Can the U.S. Stock Market Handle Another Interest Rate Hike?
Fed Officials Calling for a Rate Hike
Interest rates are going to be a focal point for the remaining of 2016. The U.S. Federal Reserve seems to be ready to raise interest rates again, but the stock market doesn’t seem to be ready.
Even though the Fed has yet to make another rate hike since last December, a number of Fed officials have been calling for one. Last month, San Francisco Fed President John Williams said that, “In the context of a strong domestic economy with good momentum, it makes sense to get back to a pace of gradual rate increases, preferably sooner rather than later.” (Source: “Longview: The Economic Outlook,” Federal Reserve Bank of San Francisco, August 18, 2016.)
Also in August, New York Fed President William Dudley said that the U.S. economy could grow more than two percent in the second half of 2016, and that, “we are edging closer toward the point in time when it will be appropriate to raise rates further.” (Source: “Fed’s Dudley Is upbeat on outlook for growth and jobs,” MarketWatch, August 18, 2016.)
And then you have Kansas City Fed President Esther George, who is a voting member on the Federal Open Market Committee (FOMC). During the Fed’s annual Economic Symposium at Jackson Hole, Wyoming, George said, “I do think it is time to move that rate.” (Source: “Fed’s Esther George: Interest rates should go higher, but gradually,” CNBC, August 25, 2016.)
Of course, no one can really say when exactly the Fed is going to raise rates. However, one thing is for sure: once another rate hike happens, the U.S. stock market won’t take it well.
There are many reasons why the stock market looks extremely vulnerable right now. For one, not that long ago, both the S&P 500 Index and the NASDAQ Composite surpassed their all-time highs. When thing go south, it’s not unusual to see investors selling the tickers that went up a lot. And since a lot of stocks had solid gains in recent months, things could get extremely ugly once a sell-off starts.
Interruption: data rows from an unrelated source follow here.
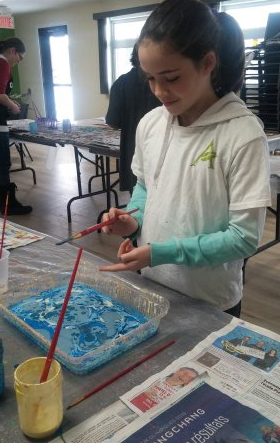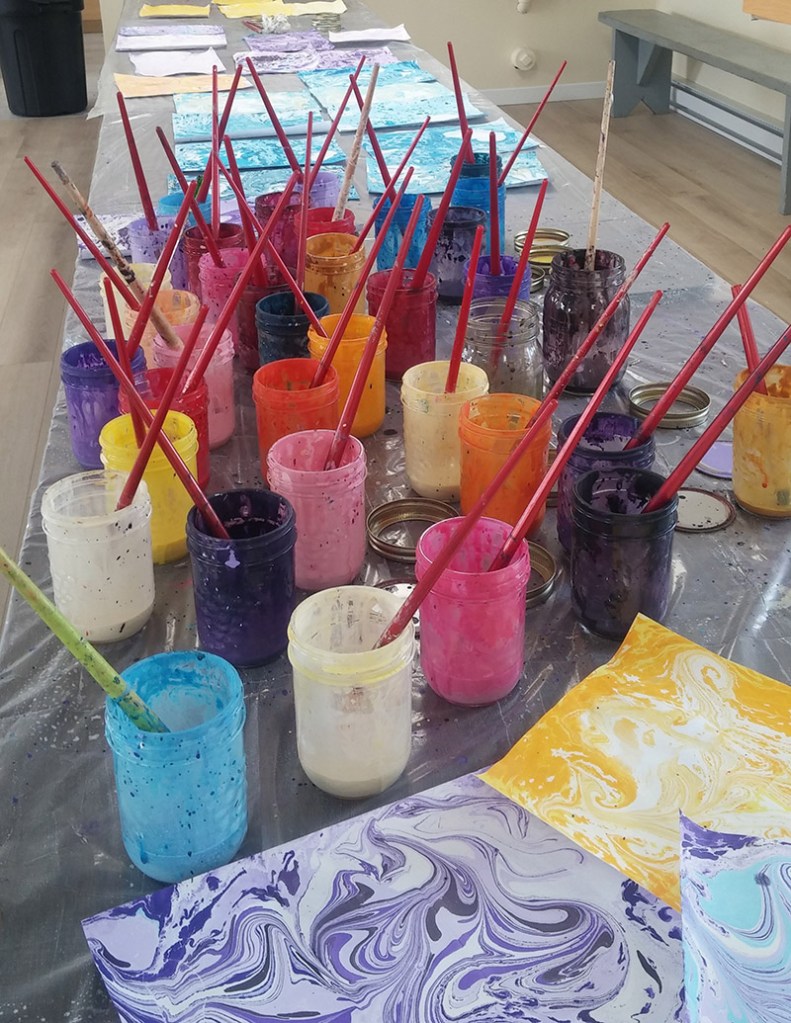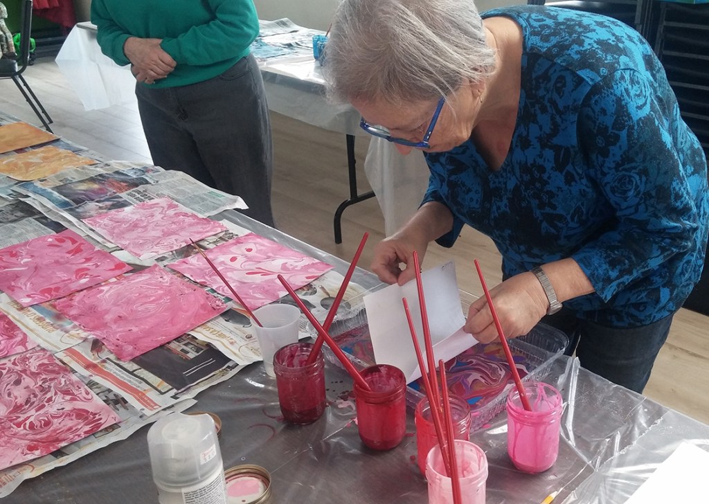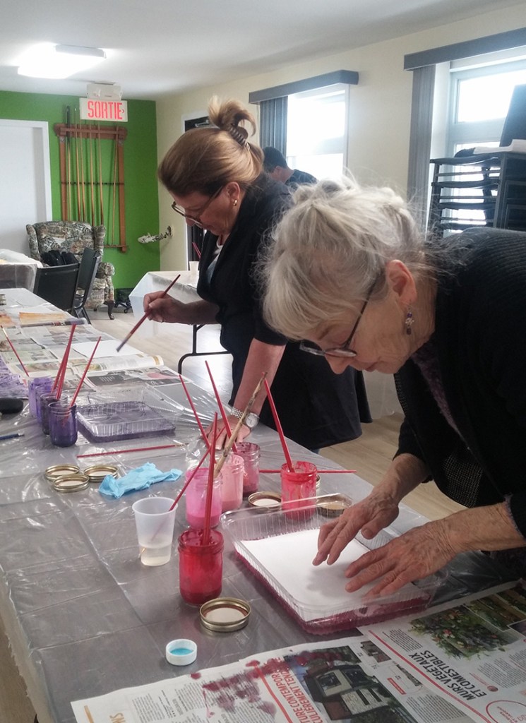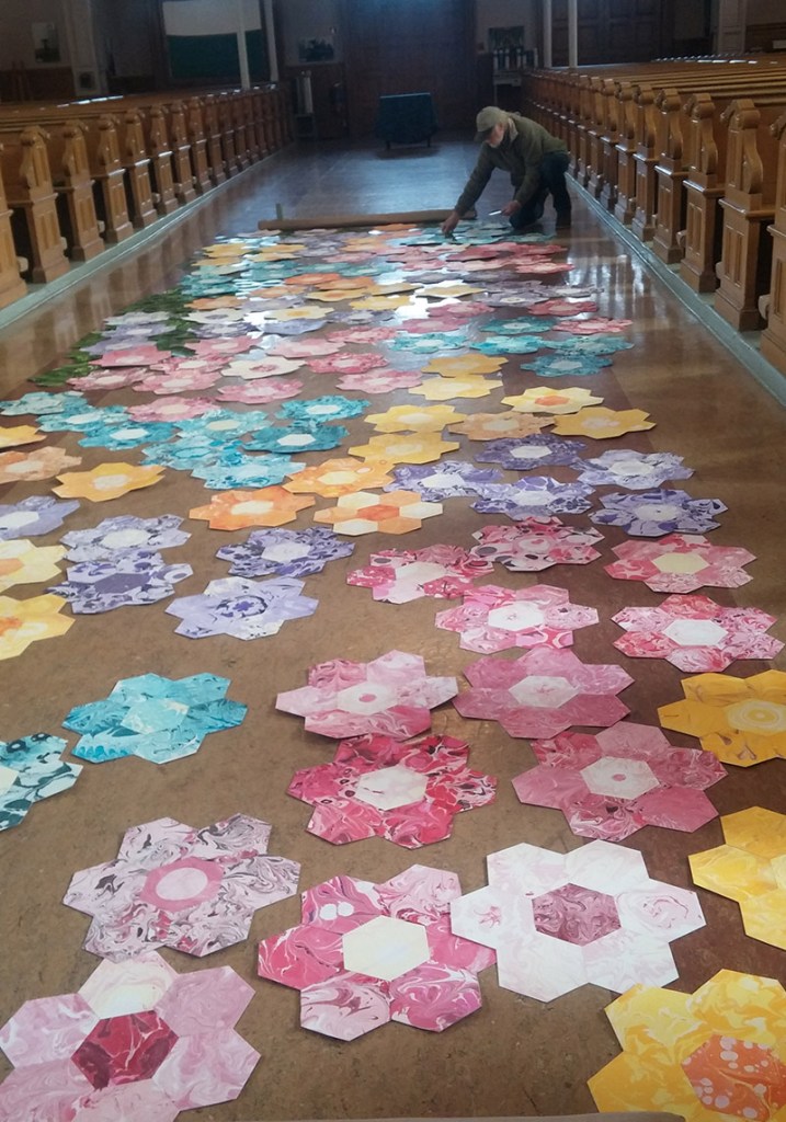 FLEURS D’IMPRESSION, une œuvre de 9 pieds de haut X 30 pieds de large représentant un jardin de fleurs réalisée par 60 personnes de Saint-Cuthbert de 12 à 80 ans. L’œuvre présentée est une courtepointe que les participants ont imprimés avec une technique de transfert d’image par l’eau. Celle-ci consiste à faire flotter sur l’eau de la peinture acrylique pour ensuite créer des motifs à l’aide d’un bâtonnet. On dépose un papier sur l’eau et l’image est imprimée tel que réalisée.
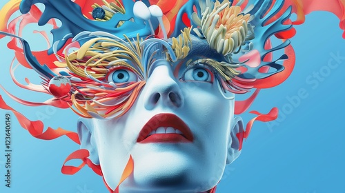 abstract art, fantasy art, woman, three-dimensional, render, digital artwork, face, portrait, colourful, vibrant, organic, shape, flower, blue, red, orange, yellow, white, texture, mask, eye, lip, hair, style, artistic, creative, imagination, artwork, design, illustration, painting, modern art, hallucinogen, intricate, detail, beauty, expression, emotion, flowing, whimsical, dreamlike
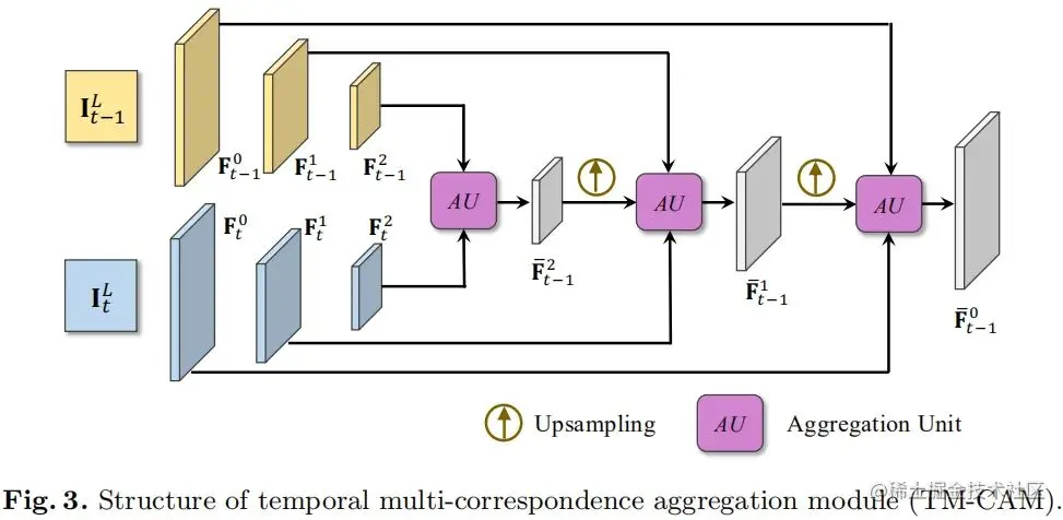 相邻帧见的运动具有正反两方面性:一方面,大的运动需要进行消除以构建相似内容的相关性;另一方面,小运动的精确估计非常重要,它是细节的增强的根源。受FlowNet与PWCNet启发,作者设计了一种分层相关集成策略以更好的同时处理大运动和小运动,见下图。

Another factor why the market could turn sour very quickly is the lack of volatility in the past several months. You see, many institutional investors use systematic strategies that make asset allocations based on volatility levels. Since the Brexit vote result, volatility has been quite low for the most part. This led to investors loading up on stocks.
However, the same strategy that brought inflow into equities could also bring outflow. When a rate hike happens and volatility starts to rise, those systematic investment strategies could trigger a huge sell-off in the stock market.
Brace for Another Rate Hike
So is it time to give up on U.S. stocks completely?
Not so fast. If your goal is to make short-term capital gains, you’ll have to face a huge amount of uncertainty going forward. But if you are an income investor, and have put your eggs into different baskets of dividend paying companies with wide economic moats in their respective fields, your investment goals can still be achieved.
And that’s how it should be, really. You already worked hard making your money. Why do you have to worry about the timing and market conditions to get a return?
Of course, there are early-stage companies that are yet to be profitable enough to distribute their earnings. And it’s okay for them not to pay dividends at the moment. You can invest in them, hoping that at some point they will distribute some of their earnings to shareholders, but note that stocks are not bonds, and companies—even profitable ones—are not under the obligation to make payments to investors on a regular basis. In fact, there are hugely profitable businesses that pay no dividends at all.
That’s why for today’s income investors, dividends are a necessity rather than a luxury. You might miss the exciting returns from high-momentum Internet names in the short term, but in the long run, you get the luxury of a growing stream of income rather than being humbled by the sentimental nature of “Mr. Market.”